On the morning of January 17, coordinated acts of disturbance took place in Germany, the Netherlands, Canada, the Czech Republic, France, Hungary, Latvia, Ukraine, the United States and the United Kingdom. Law enforcement agencies confiscated 15 servers hosting the VPNLab.net service, rendering the service unavailable. The Police Directorate’s Central Criminal Investigation Department in Hanover, Germany, is responsible for the act, under the banner IMPACT-project Cybercrime – Attacks on Information Systems.
The provider of choice for cybercriminals
Founded in 2008, VPNLab.net offers services based on OpenVPN technology and 2048-bit encryption to ensure online anonymity for just $60 a year. This makes it popular among cybercriminals, who use the service to continue to commit their crimes without fear that the authorities will find them.
Law enforcement agencies tracked down the provider after several investigations revealed that criminals were using VPNLab.net products to facilitate their illegal practices, such as administering Botnets and distributing Ransomware. Another case shows that the product was also used to set up the infrastructure and communications behind the Ransomware campaign. At the same time, detectives found advertisements for the service on the dark web.
From the results of the investigation, it was revealed that hundreds of companies were at risk of becoming victims of cyber attacks. Law enforcement is currently working with potential victims to make them less vulnerable to attack.
Use VPN services for criminal purposes is getting cornered
Edvardas ileris, Head of Europol’s European Cybercrime Center: ‘The actions that are part of this investigation make it clear that criminals have less and less ways to hide their tracks online. Each survey we conduct provides the following information. The information we collect about possible victims will enable us to prevent a number of serious cyber attacks and data breaches.”

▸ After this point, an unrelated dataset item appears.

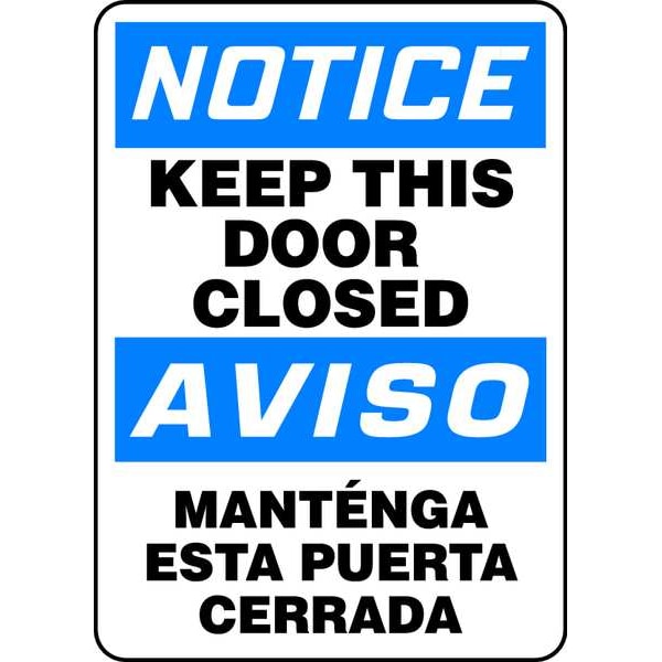 Spanish-Bilingual Notice Sign, Sign Subject Matter Door Instruction, Height 14 In., Width 10 In., Sign Material Aluminum, Sign Mounting Style With Mounting Holes, Header Notice/Aviso, Legend Keep This Door Closed/Mantenga Esta Puerta Cerrada, Printed Language English, Spanish, Sign Shape Rectangle

Volker Kluwe, Chief of Police in Hanover, said: “Another important aspect of this action is that we demonstrate that service providers who support illegal practices and refuse to provide information when lawfully requested by law enforcement agencies are not bulletproof. The operation demonstrates that the effective cooperation of international law enforcement agencies allows us to take global networks and destroy these companies.”
Europol’s European Cybercrime Center (EC3) supports the day of action through the ‘CYBORG’ Analysis Project, which organizes more than 60 coordination meetings and three face-to-face workshops. In addition, EC3 provides analytical and forensic assistance. The Joint Cybercrime Action Taskforce (J-CAT) facilitated the exchange of information from Europol’s headquarters in The Hague.
The following authorities took part in this operation:
- Germany: Politiedirectoraat Hanover (Hanover Police Directorate) – Centrale Recherche
- Netherlands: Police, National Unit (National Investigative Service, High Tech Crime Team)
- Canada: Royal Canadian Mounted Police
- Czech Republic: Czech Police (Policie eské Republiky) – Cyber Crime Department
- France: Sub-Directorate of Cybercrime Eradication of the Judicial Police (Sous-Direction de la Lutte Contre la Cybercriminalité la Direction Centrale de la Police Judiciaire (SDLC-DCPJ)
- Hungary: Hungarian Police (Rendőrség)
- Latvia: State Police of Latvia (Valsts Policija) – Central Criminal Investigation Department
- Oekraïne: Oekraïense Nationale Politie (Ukrainian National Police) – Afdeling Cybercrime
- United Kingdom: National Crime Agency
- United States: Federal Bureau of Investigation
- Europol: European Cybercrime Center (EC3)
read here message from Europol.
“Certified introvert. Devoted internet fanatic. Subtly charming troublemaker. Thinker.”